Although the mediator measurements in conjunction with the inhibitor studies provide good evidence that IL-8 and LTB₄ contribute to PMN chemotaxis, there is one caveat that should be addressed. When AM were incubated with the individual phenazines at 10⁶ M, the individual increases in concentrations of IL-8 and LTB₄ did not reach statistical significance, although Fig. 4 indicates that these supernatants caused PMN chemotaxis. One possible explanation for this may be that, although the individual increases in mediator concentrations were not statistically increased, the combined levels of these agents were sufficient to cause chemotaxis. In support of this, we found that the combined concentration of IL-8 and LTB₄ in the Pyo-stimulated AM was 104 pg/ml compared with 92 pg/ml in the 1-HP-stimulated cells. This small difference might explain the slight difference in mean chemotactic response between the two agents seen in Fig. 4. As might be expected using this line of reasoning, the combination of the two mediators gave the largest total mean mediator level (135 pg/ml) and the largest mean chemotactic response. Again, we should emphasize that, although this explanation may be logical, it is speculative at best.

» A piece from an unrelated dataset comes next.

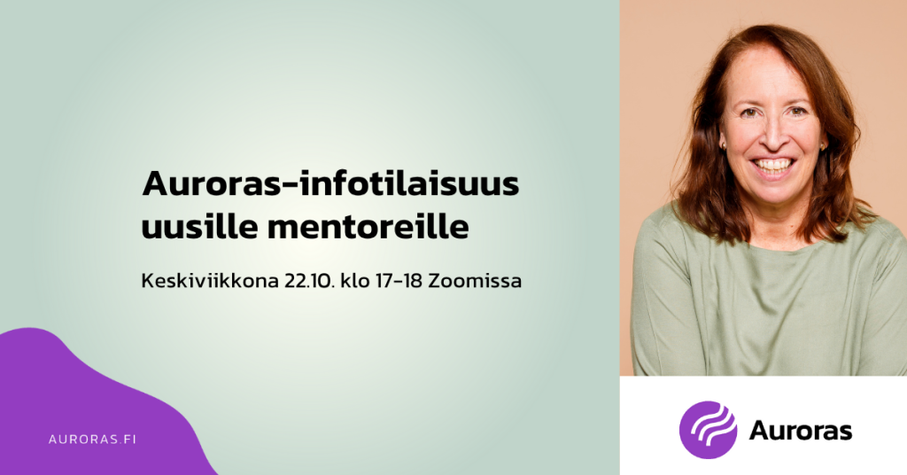 Auroras-verkosto järjestää suomenkielisiä mentorointi- ja kieliryhmiä, joissa vapaaehtoiset mentorit ja kieliryhmien ohjaajat jakavat osaamistaan ja verkostojaan aktoreiden tueksi. Uudet ryhmät käynnistyvät jälleen keväällä 2026. Tule mukaan infotilaisuuteen kuulemaan Auroras-vapaaehtoisuudesta ja kevään ryhmistämme!

Our results are consistent with and compliment those of Hashimoto and co-workers (5), who showed decreased PMN chemotaxis to PA infections in rats depleted of AM. BAL obtained from these AM-depleted rats showed decreased levels of tumor necrosis factor- and the chemokines macrophage inflammatory protein 2 and CINC/gro (cytokine-induced PMN chemoattractant) in response to PA challenge (5). Thus AM, through the production of cytokines and chemotactic factors, appear to play a significant role in the recruitment of inflammatory cells to the site of PA infection. The findings in this study are also consistent with data obtained from patients with established airway disease. Sputum from these patients was shown to contain IL-8 and LTB₄, with the levels of these mediators varying depending on the clinical state of the patient and the pulmonary inflammation. As in the present study, PMN chemotaxis to these sputum samples could be inhibited by a monoclonal antibody to IL-8 and the LTB₄ antagonist LY-293111. The source of these mediators, however, was not identified (12). Our findings indicate that AM may provide one such source.

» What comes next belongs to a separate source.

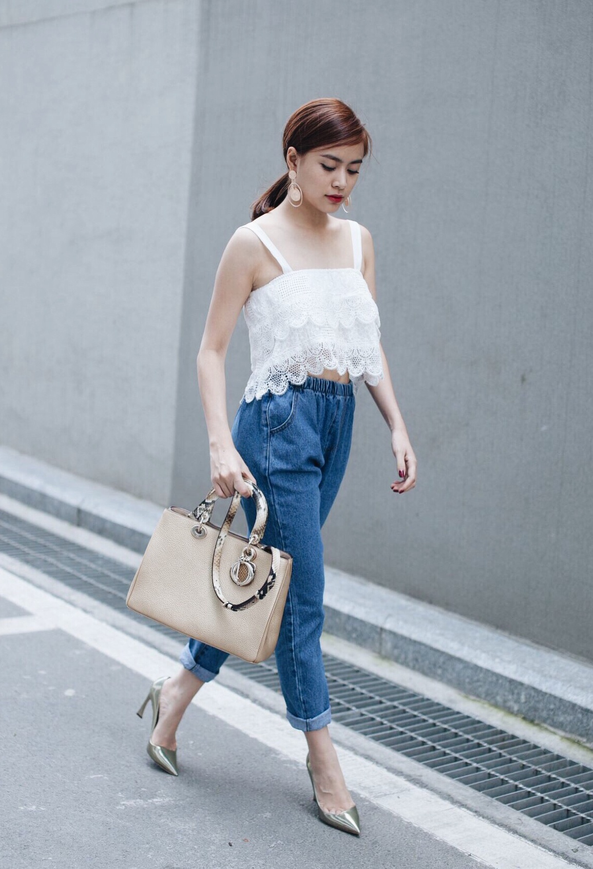 | Áo crop-top lửng mix ăn nhập cùng quần jeans lưng cao, tạo vẻ hiện đại, năng động và không kém phần nữ tính cho người mặc. Phụ kiện túi xách, giày ánh bạc làm điểm nhấn tinh tế. |

One interesting result of this study was the finding that incubation of PMN with Pyo or the combination of Pyo and 1-HP, but not 1-HP alone, reduced PMN chemotaxis to ZAS. Taken in the context of the present study, and in conjunction with the identification of high levels of Pyo in the sputum from patients with cystic fibrosis and bronchiectasis (23), this observation suggests that, although the initial recruitment of PMN to the airway is normal, subsequent PMN function may be compromised. Such a mechanism could contribute to a state of persistent infection.

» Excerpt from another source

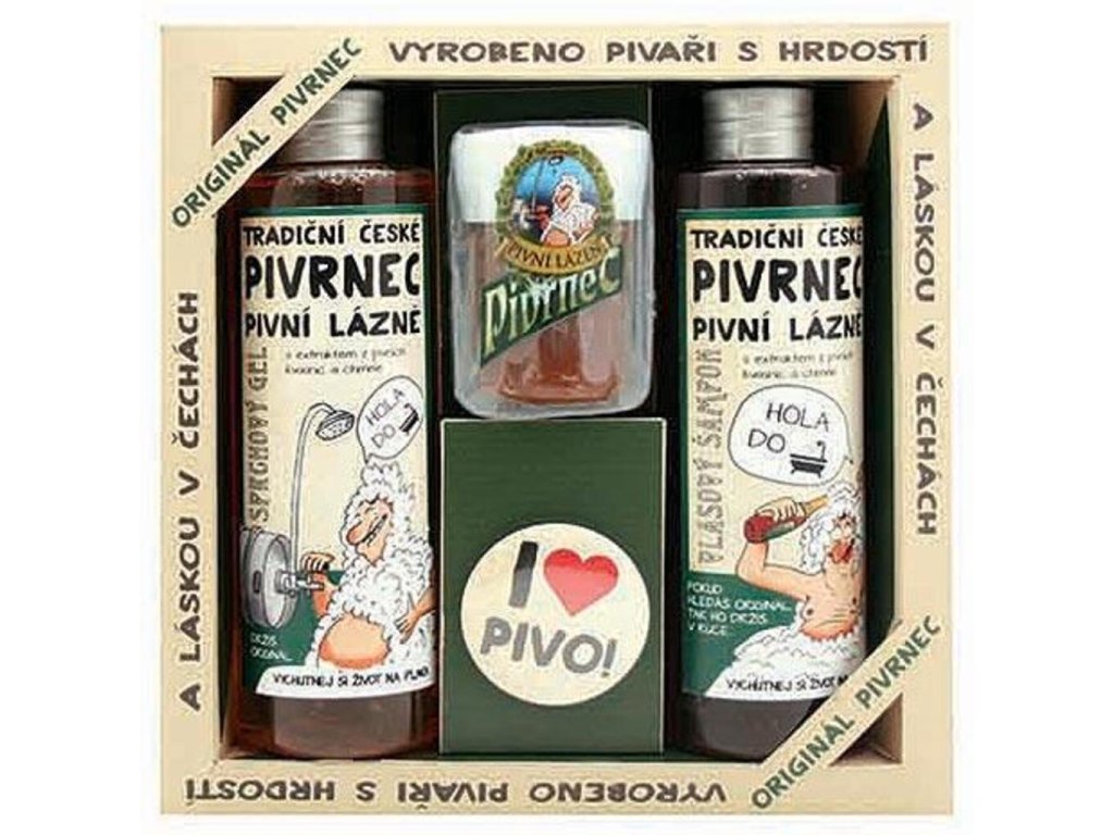 Pivná kozmetika Pivrnec, darčekové balenie kozmetiky s výťažkami z pivných kvasníc a chmeľu. Obrázky na etiketách kozmetiky vytvoril známy karikaturista Petr Urban. Kozmetická súprava je skvelým voňavým darčekom nielen pre mužov.

We conclude that local challenge with the combination of extracellular products of PA, Pyo and 1-HP, can initiate an inflammatory response in the airways of sheep in vivo. This effect appears to result from an increase in the production of LTB₄ and IL-8 by AM. The ability of these pigments to increase cell recruitment and alter lung permeability may contribute to an enhanced PA infection in the airway.